# The task
Leave out the pictures and retype everything else in the records below exactly.
Top of Records for this exercise
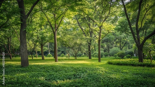 Peaceful scene of tall trees and lush vegetation in a serene public park, offering a tranquil retreat from the hustle and bustle of the city.
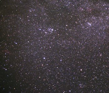 右上 (二重星団) 1997年8月16日2:25〜32 300mmF4.5 フジASA800ネガフィルム |
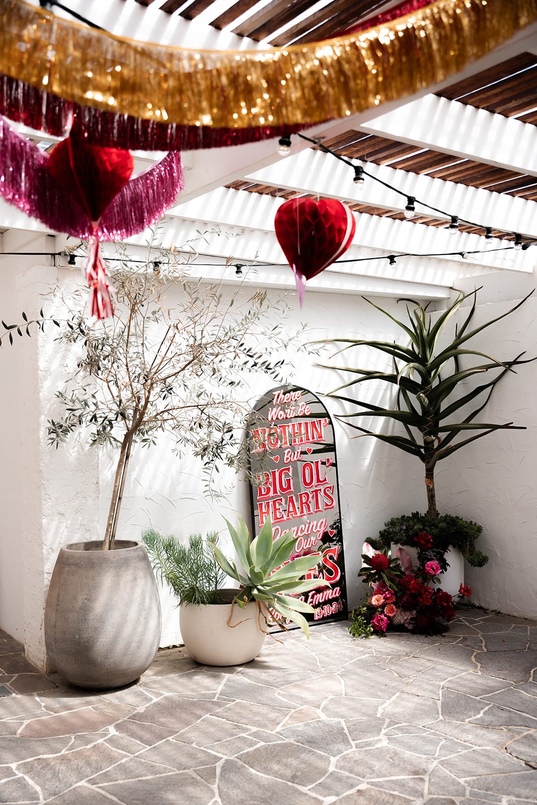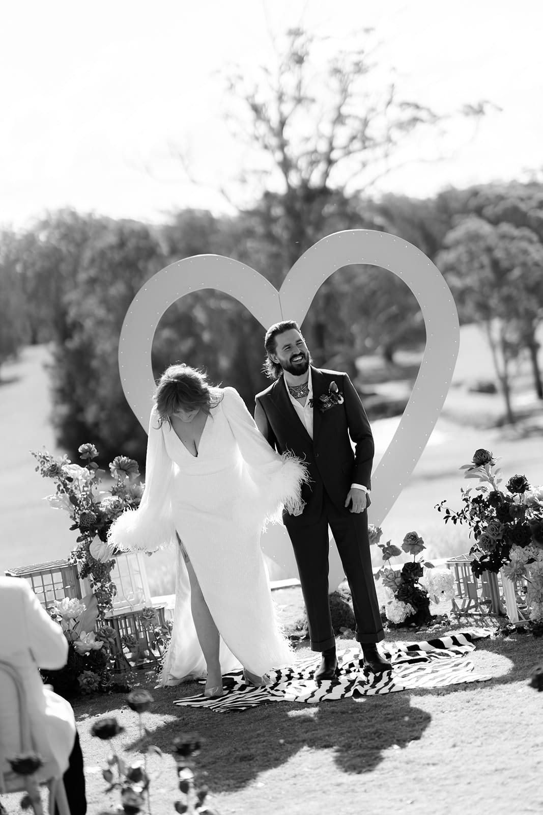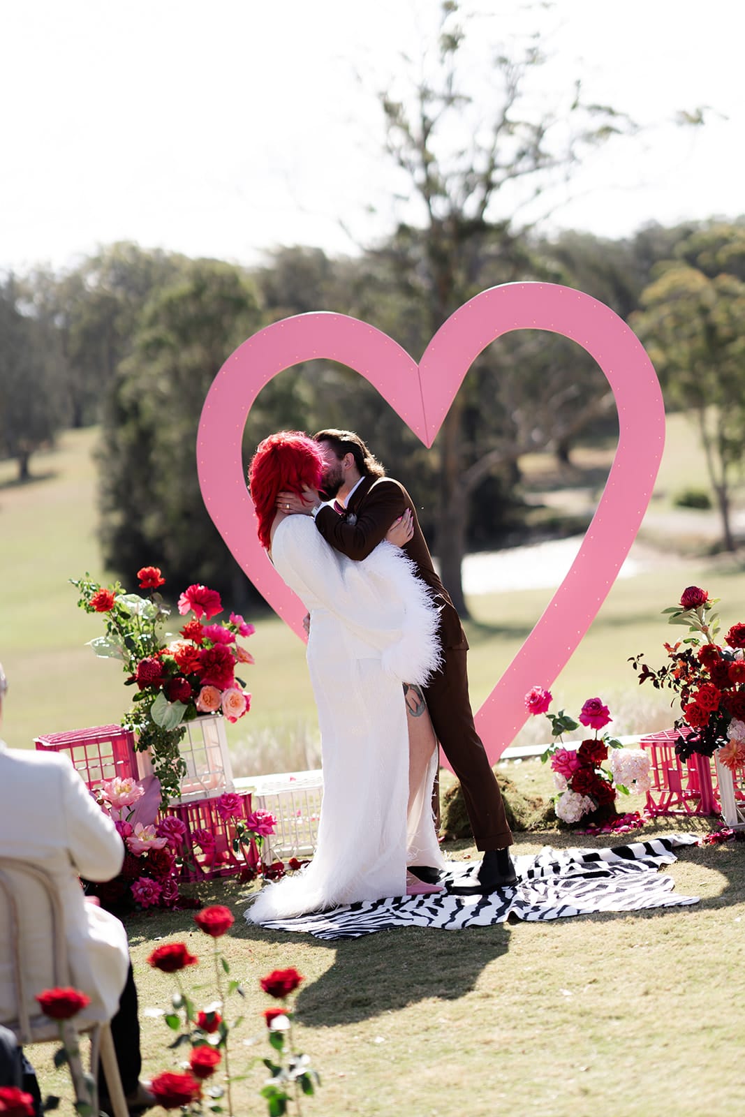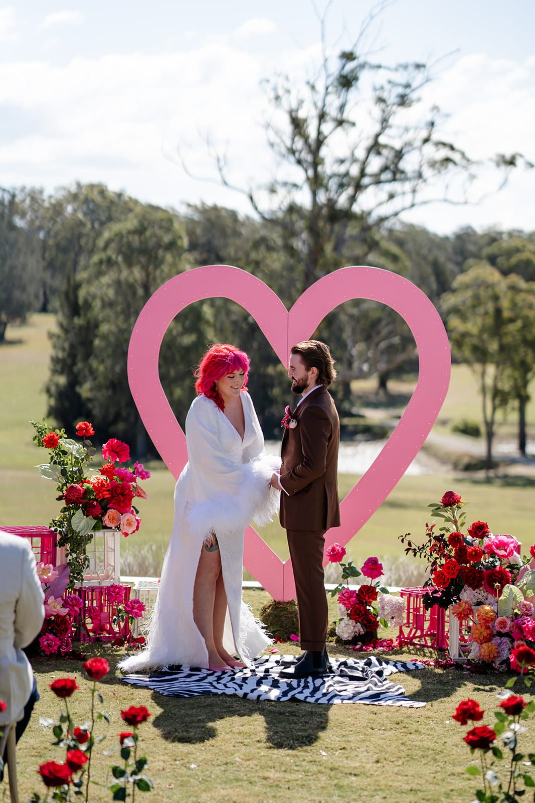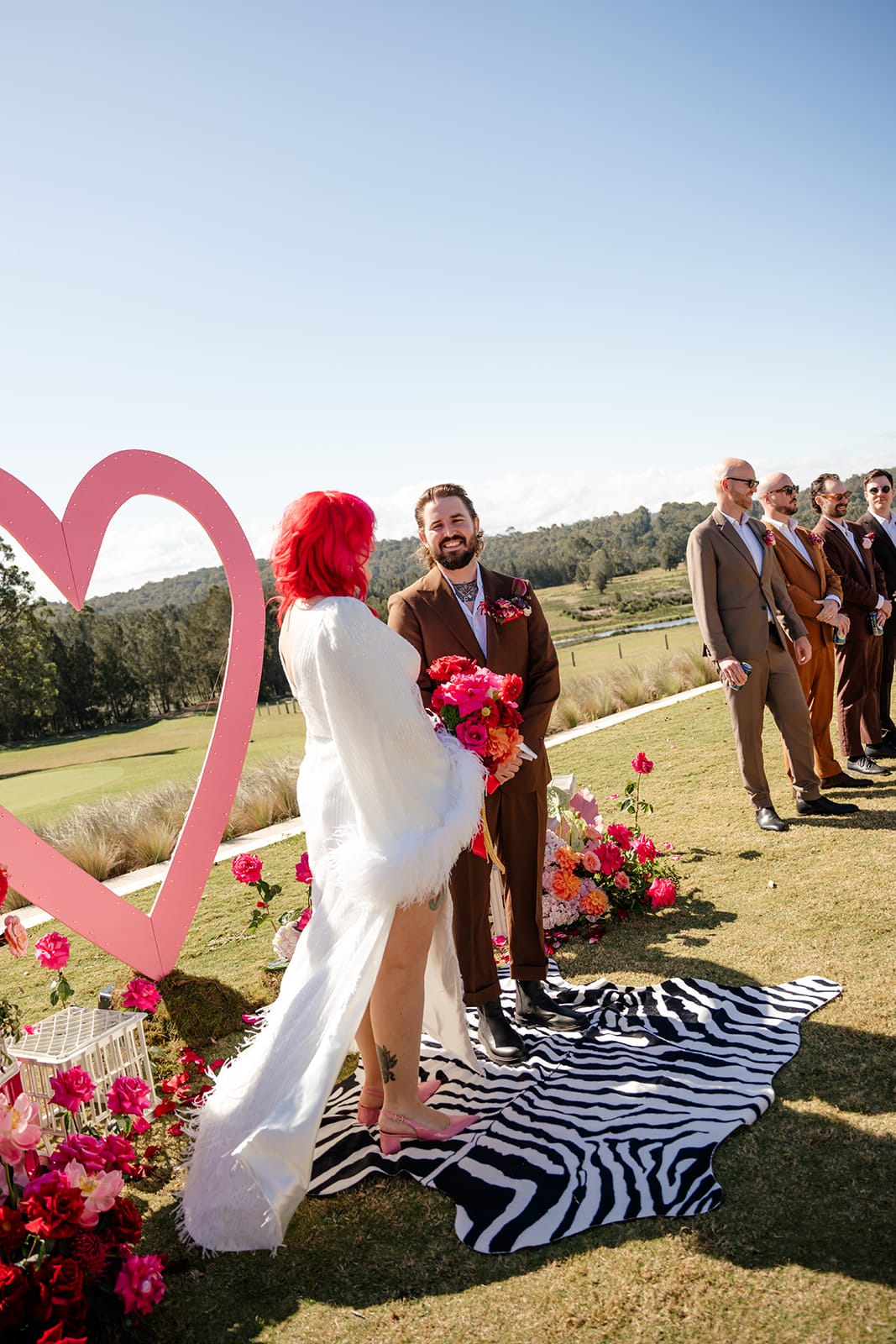Take 300 acres of secluded South Coast countryside, countless pink heart-shaped details, two high-school sweethearts, and 92 of their favourite humans, and what do you get? Emma and Rory’s wedding day! Hosted at The Oaks Ranch in New South Wales, it was an epic mash-up of relaxed coastal atmosphere meets Vegas vibes.
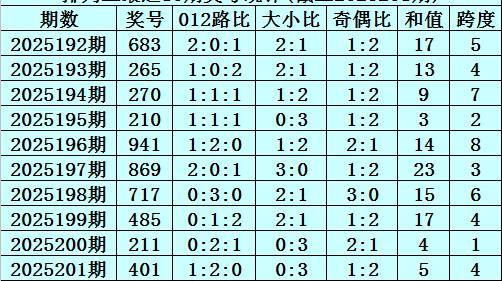 上期回顾:排列三2025201期奖号为401,奇偶比为1:2,大小比为0:3,跨度为5。
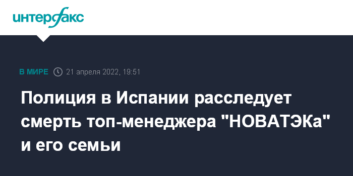 Москва. 21 апреля. INTERFAX.RU - Сотрудники полиции Каталонии проводят расследование в связи с гибелью бывшего члена правления НОВАТЭК Сергея Протосени, а также его жены и дочери, сообщают в четверг испанские СМИ.
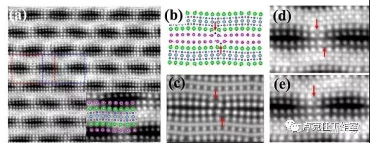 超导Bi-2212中掺杂氧原子的iDPC像 (a)Bi-2212[010]带轴的iDPC像 (b, c)Bi2212的原子结构模型和基于原子模型的像模拟 (d, e)掺杂氧原子在不同位置的不均匀分布。
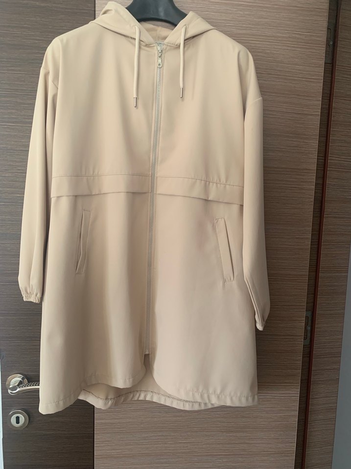 Bej renkli, kısa ve bol kesim kadın yağmurluğu. Fermuarlı ön, kapüşonlu ve uzun kollu, minimalist sokak stiliyle günlük kullanıma uygun. Beden büyük geldiği için satıyorum denemek için bir kere giyildi
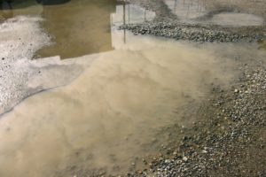 車がよく通る場所などは、えぐれてそこに水たまりができて
Bottom of Records for this exercise
# Output for this task
 Peaceful scene of tall trees and lush vegetation in a serene public park, offering a tranquil retreat from the hustle and bustle of the city.
 右上 (二重星団) 1997年8月16日2:25〜32 300mmF4.5 フジASA800ネガフィルム |
Take 300 acres of secluded South Coast countryside, countless pink heart-shaped details, two high-school sweethearts, and 92 of their favourite humans, and what do you get? Emma and Rory’s wedding day! Hosted at The Oaks Ranch in New South Wales, it was an epic mash-up of relaxed coastal atmosphere meets Vegas vibes.
 上期回顾:排列三2025201期奖号为401,奇偶比为1:2,大小比为0:3,跨度为5。
 Москва. 21 апреля. INTERFAX.RU - Сотрудники полиции Каталонии проводят расследование в связи с гибелью бывшего члена правления НОВАТЭК Сергея Протосени, а также его жены и дочери, сообщают в четверг испанские СМИ.
 超导Bi-2212中掺杂氧原子的iDPC像 (a)Bi-2212[010]带轴的iDPC像 (b, c)Bi2212的原子结构模型和基于原子模型的像模拟 (d, e)掺杂氧原子在不同位置的不均匀分布。
 Bej renkli, kısa ve bol kesim kadın yağmurluğu. Fermuarlı ön, kapüşonlu ve uzun kollu, minimalist sokak stiliyle günlük kullanıma uygun. Beden büyük geldiği için satıyorum denemek için bir kere giyildi
 車がよく通る場所などは、えぐれてそこに水たまりができて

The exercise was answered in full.